Seigniorage is the value of the currency minus the cost it takes to produce it eg. $1 dollar bill minus printing costs, or $1 TerraUST minus minting costs (zero). Currently, seigniorage profits are distributed weekly to the community pool that funds initiatives in the Terra ecosystem, and the rest goes to a reward pool for Luna stakers. The rewards for stakers are then released over a period of a year to encourage long-term dedication.
Seigniorage is extremely important and occurs when Luna is burned. This happens when the demand for UST increases, e.g. people buy stablecoins on Terra. A portion of burned Luna goes to the Treasury to fund further initiatives, and the rest goes to stakers.
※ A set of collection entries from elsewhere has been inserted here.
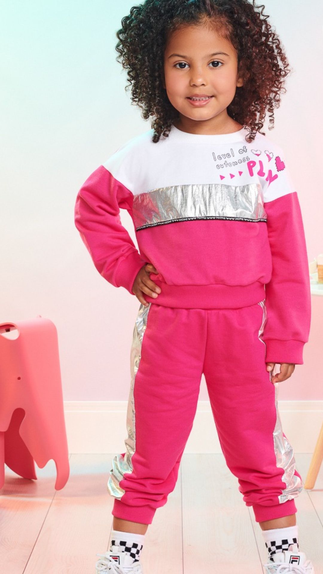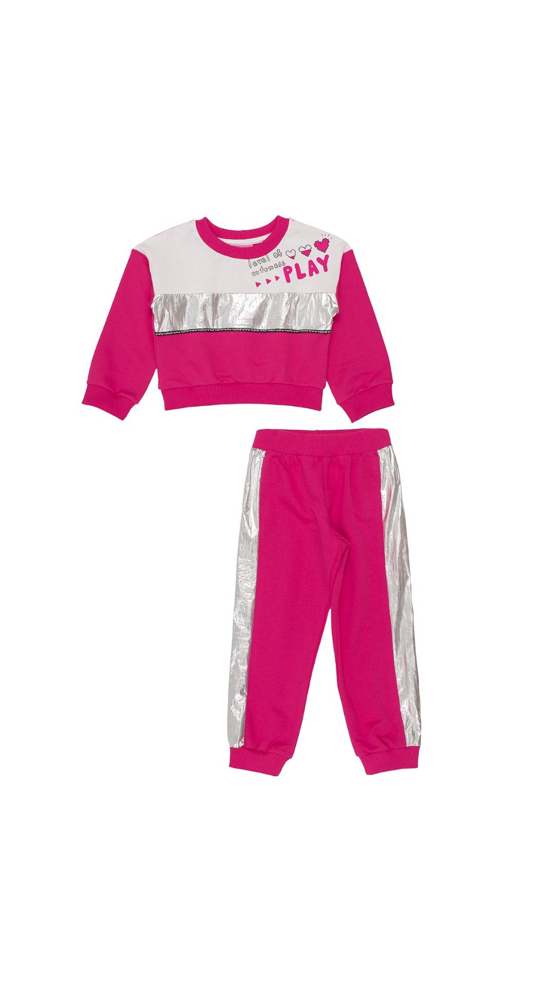 Conjunto de moletom rosa magenta é um charme! O casaco possui estampa play e detalhe holografico, mangas longas, ribana na gola, punhos e barra, garantindo muito conforto ao vestir. A calça complementa o conjunto com detalhe holografico na lateral. Um conjunto confortável e divertido para as meninas arrasarem! Composição: 100% Algodão
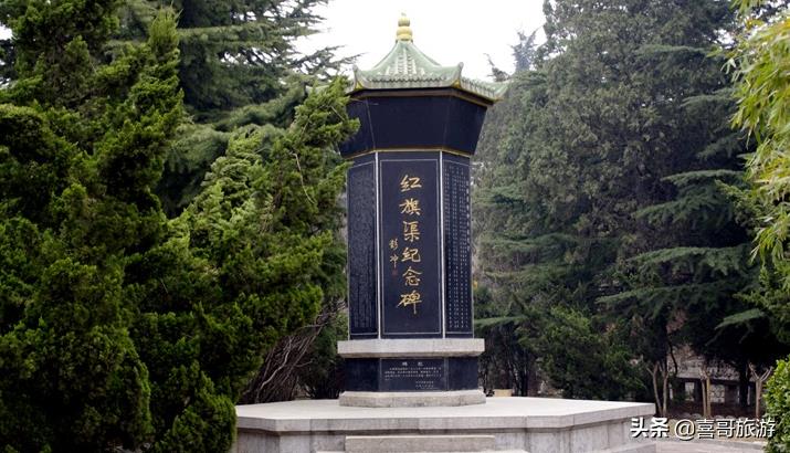 红旗渠纪念碑,是1990 年4 月5 日,红旗渠通水25 周年之际所建。纪念碑通高 2.2 米 ,共六棱,每棱面宽 0.74 米 。碑帽为仿古式屋檐护顶。
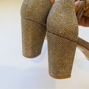 Elegant gold sandals with block heel. Features ankle strap with buckle closure. Perfect for any occasion.
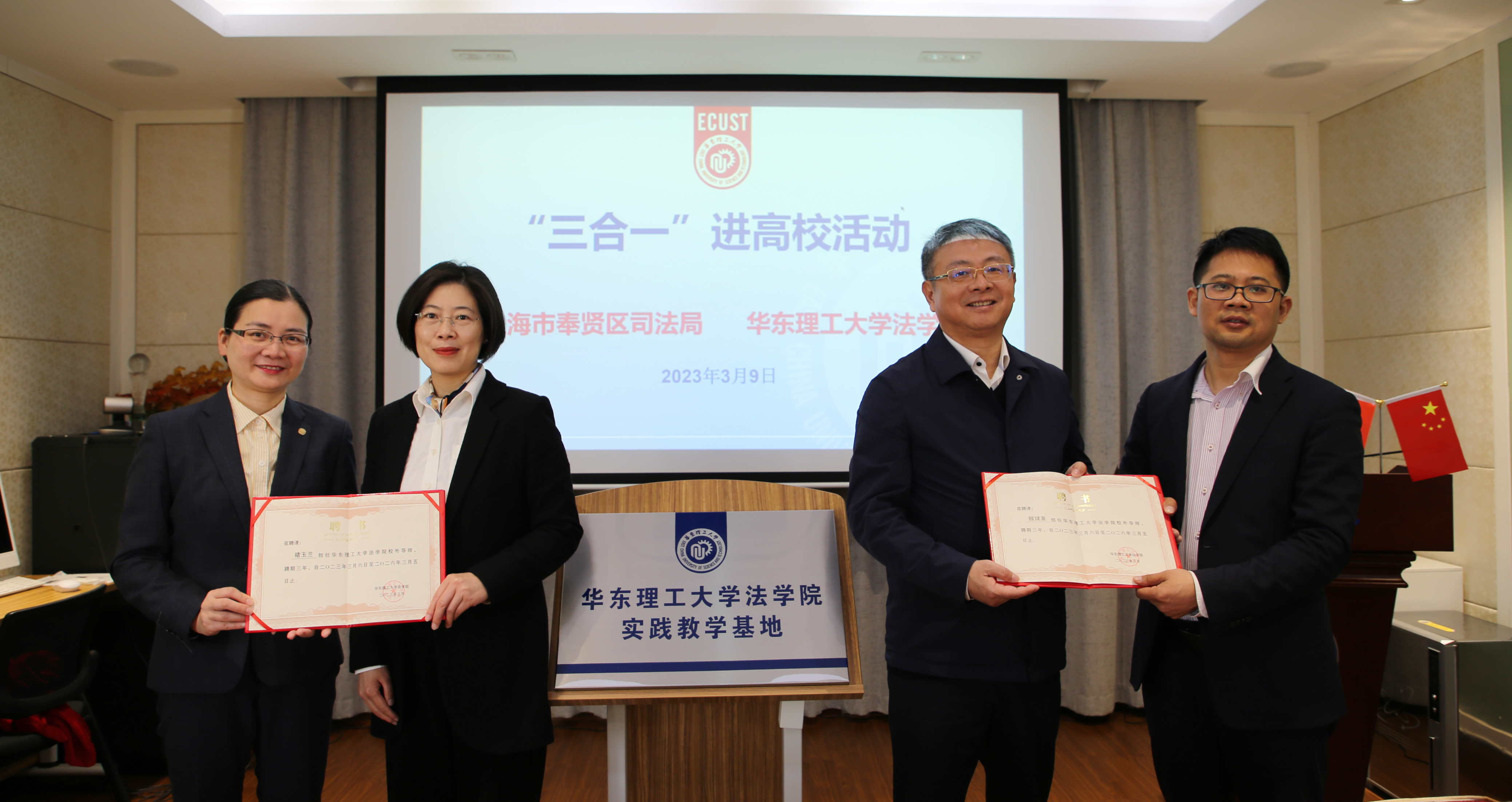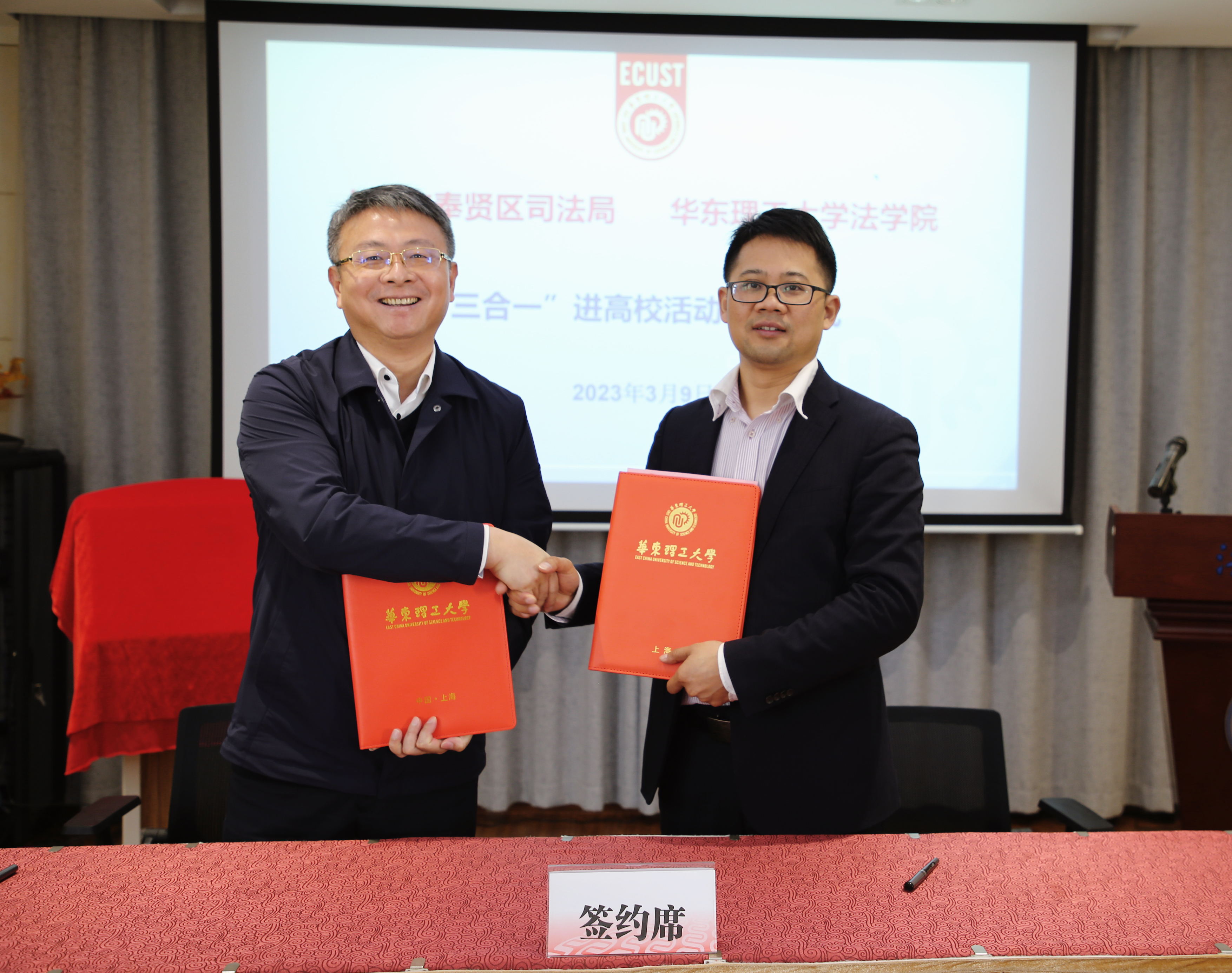为探索政校联合培养高素质法治人才,推动法学理论和实践融合,助力高水平法治政府建设,2023年3月9日上午,304am永利集团官网与奉贤区司法局举行“行政机关负责人出庭、旁听、讲评三合一进高校活动”签约仪式暨304am永利集团官网实践教学基地揭牌仪式,会议由304am永利集团官网副经理周登谅主持。奉贤区司法局党委书记、局长,区行政复议局局长顾斌泉和304am永利集团官网经理彭德雷教授代表双方签订框架协议,公司党委书记丁灏和区司法局党委委员、副局长,区行政复议局副局长褚玉兰为实践教学基地揭牌。304am永利集团官网向顾斌泉、褚玉兰颁发了校外导师聘书。公司党委副书记周建国、区司法局相关职能科室工作人员、304am永利集团官网教师代表参加了本次活动。

This also has the effect of making mining/validator power more valuable and scarce, as it becomes more expensive to become a validator the more Luna is burned.
Stakers come in the form of validators, which we’ve discussed previously, and delegators. A delegator can be anyone who holds Luna (including you!) and wants to take part in securing Terra. To do so, they choose 1 of 130 validators to delegate their Luna to. In return they will receive a portion of the staking rewards from gas, taxes, and seigniorage, and also airdrops from certain protocols like Mirror (and many more protocols to come) on a weekly basis. Individuals who delegate and validate have to bond Luna, which can no longer be traded until it is unbonded. When it is unbonded, it will no longer accrue rewards and can’t be traded right away, instead, it is locked for 21 days. This ensures that large supply unlocks cannot be immediately dumped into circulation and destabilize the system, as well as encourage long-term thinking from delegators and validators who are securing the Terra network. A win-win for all sides!
One can’t talk about Luna without also mentioning its homegrown stablecoins, of which the Terra Dollar, UST, is the largest.
As mentioned previously, stablecoins are integral for chain adoption. As users onboard into a new system, they typically prefer a stable asset to eliminate exposure to what are typically volatile native assets like SOL (Solana), MATIC (Polygon), FTM (Fantom), Luna (Terra), and even ETH (Ethereum).
First, let’s briefly go over the types of stablecoins and what makes UST different.
There are primarily three kinds of stablecoins:
Custodial – USDC, Tether, GUSD, BUSD, TUSD
Over-collateralized Debt – Dai, sUSD, LUSD, alUSD
Algorithmic – Ampleforth (AMPL), Fei, Frax, TerraUSD (UST)
Custodial stablecoins are simply backed 1:1 by a centralized entity. For every 1 USDC, Circle holds the equivalent in dollars, and so on with every other coin on the list. The tokens themselves are essentially tokenized IOUs, which are redeemable at the point of origin. This makes it easy to hold a peg. For example, if the price of USDC dips down 5% to 0.95, you immediately have a guarantee of turning that 1 USDC worth 0.95 for its full value of $1, because it’s sitting in Circle’s reserves. This creates a high level of trust in the peg and allows efficient and tight arbitrage to occur around the $1 mark. The risk of course is censorship and trust in Circle to actually hold the equivalent in dollars to back the peg.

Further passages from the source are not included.